As a company incorporated under Belgian law and listed on Euronext Brussels, Anheuser-Busch InBev adheres to the principles and provisions of the Belgian Corporate Governance Code, published in March 2009.
The majority of the Code is reflected in Anheuser-Busch InBev’s Corporate Governance rules. The complete set of these Corporate Governance rules is posted on the Corporate Governance Charter page. The rules are regularly updated.

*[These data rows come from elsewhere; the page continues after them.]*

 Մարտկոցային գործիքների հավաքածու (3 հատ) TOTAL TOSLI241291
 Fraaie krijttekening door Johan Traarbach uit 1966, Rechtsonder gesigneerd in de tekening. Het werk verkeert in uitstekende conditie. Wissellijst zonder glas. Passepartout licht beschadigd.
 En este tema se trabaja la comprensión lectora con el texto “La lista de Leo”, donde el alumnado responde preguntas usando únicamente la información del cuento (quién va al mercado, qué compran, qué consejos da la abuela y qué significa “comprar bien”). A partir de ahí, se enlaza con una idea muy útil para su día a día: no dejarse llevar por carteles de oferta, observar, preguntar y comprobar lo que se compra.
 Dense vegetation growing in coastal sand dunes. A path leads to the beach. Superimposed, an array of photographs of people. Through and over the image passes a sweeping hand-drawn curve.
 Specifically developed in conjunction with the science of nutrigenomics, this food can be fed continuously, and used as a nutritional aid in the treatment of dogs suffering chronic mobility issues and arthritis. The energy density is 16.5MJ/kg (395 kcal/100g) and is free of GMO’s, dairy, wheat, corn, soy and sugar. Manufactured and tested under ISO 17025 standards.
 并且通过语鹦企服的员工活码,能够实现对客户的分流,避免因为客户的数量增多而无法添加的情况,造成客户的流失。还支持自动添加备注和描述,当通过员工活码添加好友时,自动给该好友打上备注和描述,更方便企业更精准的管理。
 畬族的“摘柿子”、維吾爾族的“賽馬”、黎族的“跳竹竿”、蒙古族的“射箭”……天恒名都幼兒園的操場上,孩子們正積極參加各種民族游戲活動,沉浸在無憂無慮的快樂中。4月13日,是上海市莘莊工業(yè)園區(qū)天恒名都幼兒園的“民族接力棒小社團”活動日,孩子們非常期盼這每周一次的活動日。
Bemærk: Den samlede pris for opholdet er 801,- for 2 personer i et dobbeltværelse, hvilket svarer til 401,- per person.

In order to reflect Anheuser-Busch InBev’s specific shareholding structure and the global nature of its operations, the Board of Directors has nevertheless adopted the following rules which depart from the Belgian Corporate Governance Code:
Principle 5.3./1 (Appendix D) of the Belgian Code: “the Board should set up a nomination committee composed of a majority of independent non-executive Directors”:
The Board of Directors appoints the chairman and members of the Compensation and Nominating Committee from among the Directors, including at least one member from among the independent Directors. As the Committee is composed exclusively of non-executive Directors who are independent of management and free from any business relationship which could materially interfere with the exercise of their independent judgment, the Board considers that the composition of this Committee achieves the Code’s aim of avoiding potential conflicts of interest.

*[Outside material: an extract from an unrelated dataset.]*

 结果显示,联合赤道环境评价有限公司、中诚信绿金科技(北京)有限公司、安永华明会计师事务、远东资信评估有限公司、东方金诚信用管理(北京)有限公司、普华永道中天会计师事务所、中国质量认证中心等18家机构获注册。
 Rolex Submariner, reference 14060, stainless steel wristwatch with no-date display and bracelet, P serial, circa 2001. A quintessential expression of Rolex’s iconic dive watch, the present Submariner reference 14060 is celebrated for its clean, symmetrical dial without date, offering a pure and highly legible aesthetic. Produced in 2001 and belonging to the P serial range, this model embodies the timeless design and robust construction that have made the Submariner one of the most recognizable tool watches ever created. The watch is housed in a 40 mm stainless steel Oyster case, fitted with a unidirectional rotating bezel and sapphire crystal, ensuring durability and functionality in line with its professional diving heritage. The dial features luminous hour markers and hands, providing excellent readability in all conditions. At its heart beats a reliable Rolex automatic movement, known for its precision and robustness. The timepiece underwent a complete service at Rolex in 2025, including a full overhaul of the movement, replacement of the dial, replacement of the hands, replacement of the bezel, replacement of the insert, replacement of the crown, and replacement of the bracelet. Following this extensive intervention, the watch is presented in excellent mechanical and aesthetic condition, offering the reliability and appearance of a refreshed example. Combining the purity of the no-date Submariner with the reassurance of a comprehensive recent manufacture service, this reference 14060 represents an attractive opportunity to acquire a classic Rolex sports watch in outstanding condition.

Principle 7.7. of the Belgian Code: “Non-executive Directors should not be entitled to performance-related remuneration such as bonuses, stock-related, long-term incentive schemes, fringe benefits or pension benefits” :
The remuneration of the Board members is composed of a fixed fee and a limited, pre-determined number of options, which ensures the independence of the Board members as well as aligning the Directors’ interests with those of the shareholders. The Board of Directors considers it very unlikely that the granting of options could affect their judgement as Board members. As a consequence, the Board considers Anheuser-Busch InBev’s principles of remuneration compatible with the recommendations of the Belgian Code on Corporate Governance.

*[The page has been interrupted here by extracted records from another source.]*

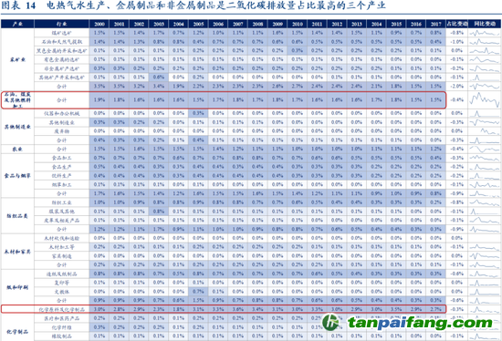 ?。ǘ┓中袠I(yè)看:我國主要的二氧化碳排放來源是高耗能行業(yè),尤其是電熱氣水生產(chǎn)業(yè)。據(jù)CEADs數(shù)據(jù)統(tǒng)計,二氧化碳排放的主要來源是六大高耗能行業(yè)。其中電熱氣水生產(chǎn)占比最高,2017年占總排放量的46.6%,較2000年占比還增加3.3個百分點;黑色金屬冶煉和壓延加工業(yè),2017年占比在18.9%,且較2000年占比增加了 5.1個百分點;其他四個高耗能行業(yè)排放2017年合計占比是18.1%,較2000年占比降低了0.9個百分點。 內/容/來/自:中-國-碳-排-放*交…易-網(wǎng)-tan pai fang . com
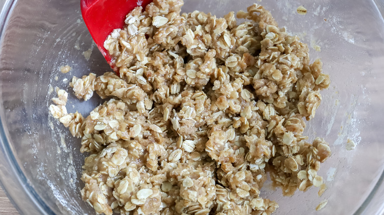 - In a large bowl mix together the flour, brown sugar, granulated sugar, oats, vanilla extract, baking powder, cinnamon, and salt.
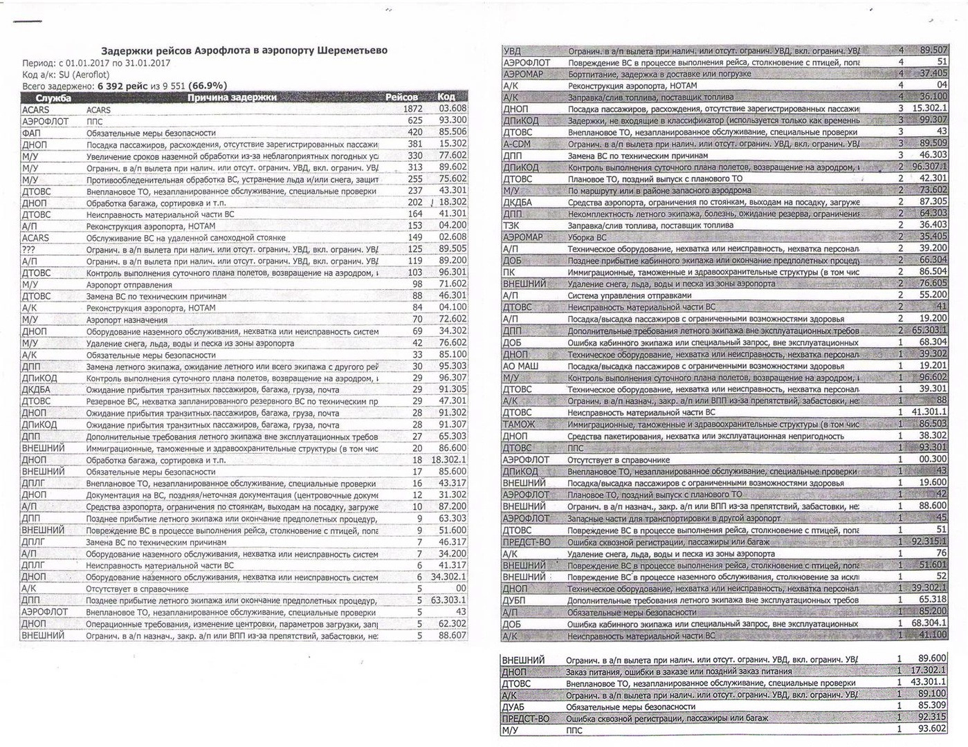 Перед глазами — отчет о причинах задержек воздушных судов авиакомпании «Аэрофлот» в базовом аэропорту Шереметьево.

Finally, it should be noted that options may only be granted upon the recommendation of the Compensation and Nominating Committee. Any such recommendation must be subsequently approved by the Board and the shareholders in a general meeting.
Further to the New York Stock Exchange listing of ADS’s representing ordinary shares of Anheuser-Busch InBev, the New York Stock Exchange Corporate Governance rules for Foreign Private Issuers are applicable to the company. According to these rules, the company discloses in item 16G of its annual report on Form 20-F significant ways in which its Corporate Governance practices differ from those followed by companies listed on the NYSE.
Finally, Anheuser-Busch InBev has registered with the United States Securities and Exchange Commission (“SEC”). As a result, it is subject to the Sarbanes-Oxley Act of 2002 and to rules of the SEC relating to corporate governance.